Despite being in a deep sleep, your brain is actually at its most active during this time. Plenty is happening during REM sleep, and you’re at the point where your most vivid dreams will occur. It can be hard to wake up during this phase, but if you do, you’ll likely be confused for a few moments. You’ll have been so immersed in your dream world that suddenly transporting back to reality can be disorientating.

During this time, your heart rate goes up, and your internal body may appear very active. Fortunately, your legs will be temporarily paralysed to ensure you don’t start acting out your dreams. Towards the end of a healthy sleep cycle, you’ll begin to gently come out of REM and back into a light sleep before waking up.

Why is REM Sleep Important?

Sleep is an extraordinary and essential part of the day. There are three main reasons that scientists believe we need sleep. First, it’s a time when we consolidate information and strengthen memories. Second, it’s when the body repairs itself, which is why deep sleep is often prioritised after a period of sleep deprivation. Finally, it helps to conserve energy so that you have the boost you need to succeed during the day.

It seems that most of these benefits are derived during the REM stages of sleep. The more deeply you’re able to sleep during the night, the more you’ll receive the core benefits of sleep. It particularly seems to be the period when memories are sorted, helping your brain retain the information you learned during the day. That’s how REM sleep can make you smarter.

REM is also the period when dreams happen. The function of dreaming isn’t clear, but most agree that this mysterious quirk of being human is important for living a meaningful life. It seems that dreams help us process painful emotions and may play a role in creativity and problem-solving. The less you allow yourself to achieve REM sleep, the harder it will be to accrue these benefits.

How to Achieve Better REM Sleep

Now that you know what REM sleep is and why it’s so important, you’re probably wondering how to get more of it. This might seem difficult since you have no control over what’s happening when you’re asleep. However, there are plenty of habits you can form during the day which impacts the duration and quality of your REM sleep cycle.

One of the most significant factors is caffeine. We all know that drinking coffee and energy drinks before bedtime is a bad idea. It makes it harder to fall asleep, cutting down the number of hours you’re able to achieve. However, did you know that it doesn’t affect all sleep stages equally? No, it tends to cut into your REM sleep more than any other, leaving you with more hours of light sleep. Alcohol has the same effect.

Conversely, a hard workout seems to increase the amount of REM sleep you can achieve each night. Exercising before bed helps your body prioritise the deeper stages of sleep. However, remember to avoid rigorous exercise within the hour before bed since this can raise your energy levels and make it difficult to sleep.

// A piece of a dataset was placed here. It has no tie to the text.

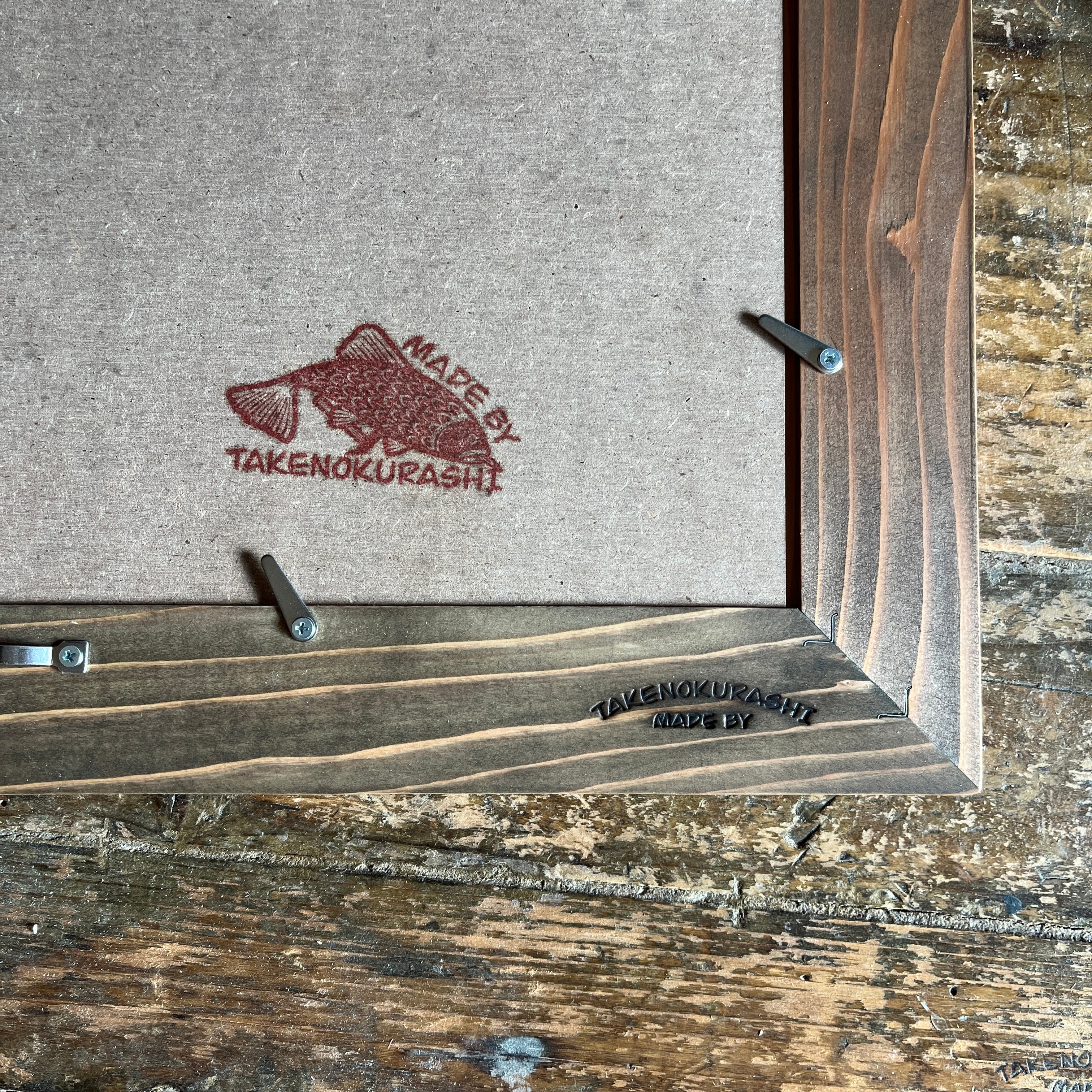 MADE BY TAKENOKURASHIではすべて一点物作品になります。天然木の質感温もりをそのまま生かしカット、研磨、トリマー、材質を作家自ら選び、亜麻仁油ベースで木の呼吸を妨げない安心安全天然自然塗料で仕上げています。製品概念は無く額縁も一つの作品として一つ一つ全ての工程を1人のアート作家が手作業で作り上げています。作業中でのムラ、ダメージ等作品の一環としてご理解ください。ここにしかない二刀流作家のフレームとアートを組み合わせて世界にただ一つだけの作品をあなたへお届けします。

When you don’t have time to hit the gym, you can consider using natural sleep aids like Neubria Drift. These induce a state of calm, helping you sleep more quickly, so you have ample time to go through all the necessary cycles of REM sleep.

So, what is REM sleep? It’s an incredible privilege that human beings are lucky to have access to. Of all the benefits we receive from sleeping, much occurs during the REM sleep stage. Therefore, it’s a good idea to try and spend more of your sleeping life in REM. To do this, consider cutting out caffeine and alcohol close to bedtime, working out more often, and taking natural supplements to increase the quantity and quality of your sleep.